For those who are not familiar with the subject, Classics is the study of the Greek and Roman world in the period that spans between, roughly, the start of the 1st millennium BC until around the 6th century AD. At the core of this field is the study of ancient Greek and Latin, the main languages of that world, of Classical Archaeology, which collects and study its material artefacts, and of Ancient History, which reconstructs ancient Mediterranean and Near-Eastern history by the means of texts and archaeological evidence. Beyond this tripartite division, the field has bred a number of ancillary disciplines, which can be regarded as disciplines in their own right, such as philology, linguistics, palaeography, philosophy, history of art, and others.

We are all aware that IT has revolutionised all fields of knowledge and the traditional practices within them, and most of us are aware that the Humanities have a well-established digital branch. Yet some might still be surprised at how eagerly Classicists have endorsed the computerisation of their traditional scholarly tools. Digital Classics are then how classicists strive to integrate current digital tools with their traditional practices and needs.

In future posts I will investigate the other directions taken by digital classicists. Yet for the sake of simplicity, I will keep the focus of this post on how the study of ancient Greek and Latin texts, a discipline named Classical Philology, has developed in the digital era.

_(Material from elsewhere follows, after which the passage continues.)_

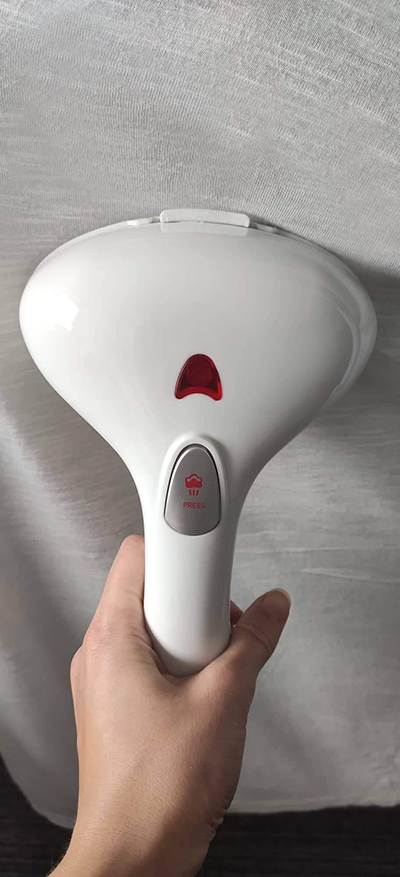 this steamer, works like a champ! This steamer does its job, no worries about burning yourself, I feel completely safe using it. It is slightly heavy and my arms do get tired after awhile, but still a good buy!

As it happens, the study of classical texts has always been highly data-intensive. Since the time of the great libraries at Pergamon and Alexandria in the 4th century BCE, scholars [2] have collected, catalogued, parsed, analysed, and commented on texts, and, based on the primary sources available to them, developed scholarly resources such as lexica, encyclopaedias, commentaries, and critical editions. [3] This work has been handed down from one generation to the next through the centuries, having survived the many wars, plagues, calamities, cultural and political upheavals and simple bad luck that have happened in the meantime.

In the digital age, classicists now face a daunting amount of scholarly material, formed from primary sources and a very large body of scholarship. [4] This has been laboriously produced and preserved by a class of extremely disciplined and skilled scholars. Indeed the work of classical philologists has always been inherently best suited to a digital environment, rather than to a paper one as it grants them an ease of access and versatility that printed texts could never provide.

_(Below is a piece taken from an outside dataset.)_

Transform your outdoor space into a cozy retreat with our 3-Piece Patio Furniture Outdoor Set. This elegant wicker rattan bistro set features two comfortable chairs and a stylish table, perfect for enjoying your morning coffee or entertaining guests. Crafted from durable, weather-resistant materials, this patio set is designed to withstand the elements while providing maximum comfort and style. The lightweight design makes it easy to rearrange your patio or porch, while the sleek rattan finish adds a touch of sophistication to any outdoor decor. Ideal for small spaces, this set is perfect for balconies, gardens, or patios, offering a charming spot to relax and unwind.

Therefore, it is no surprise that classicists were among the first humanists to exploit the potential of computers in their work. Roberto Busa's Index Thomisticus, which began on IBM computers in the 1950s, and D. W. Packard’s Concordance to Livy, which dates back to the late 60s, are notable cases in point. Since then, digital classics have evolved through several stages as can be seen in the work of one of its leading lights, Gregory Crane, co-founder and editor-in-chief of the Perseus Digital Library. [5] Yet for the sake of brevity, let us look at the three main stages of this history.

The first stage involved the Digital Incunabula. Originally, incunubula was a term first applied to the earliest printed books, but DI refers to digital collections of non-machine-actionable texts. Google Books and the Open Content Alliance (OCA) can be considered examples of these. More relevant to the field of Classics are the Thesaurus Linguae Graecae (TLG), JSTOR and the Bryn Mawr Classical Review (BMCR).

The TLG, started in 1972, is a digital library of texts that runs to over 100 million words. It is one of the most important resources of the field and is under copyright. This means you have to pay substantial subscription costs to access it. The texts contained in it mirror printed editions and can be searched in various ways to generate excerpts of those print sources.

Other features of the TLG are the accuracy of the transcriptions and the encoded citation scheme through which scholars cite these sources. JSTOR is an archive of digitised publications, also protected by copyright and subscription costs, and BMCR, founded in 1990, is an online open access journal that publishes reviews of current works in the field. All these resources make access to the material much quicker and easier.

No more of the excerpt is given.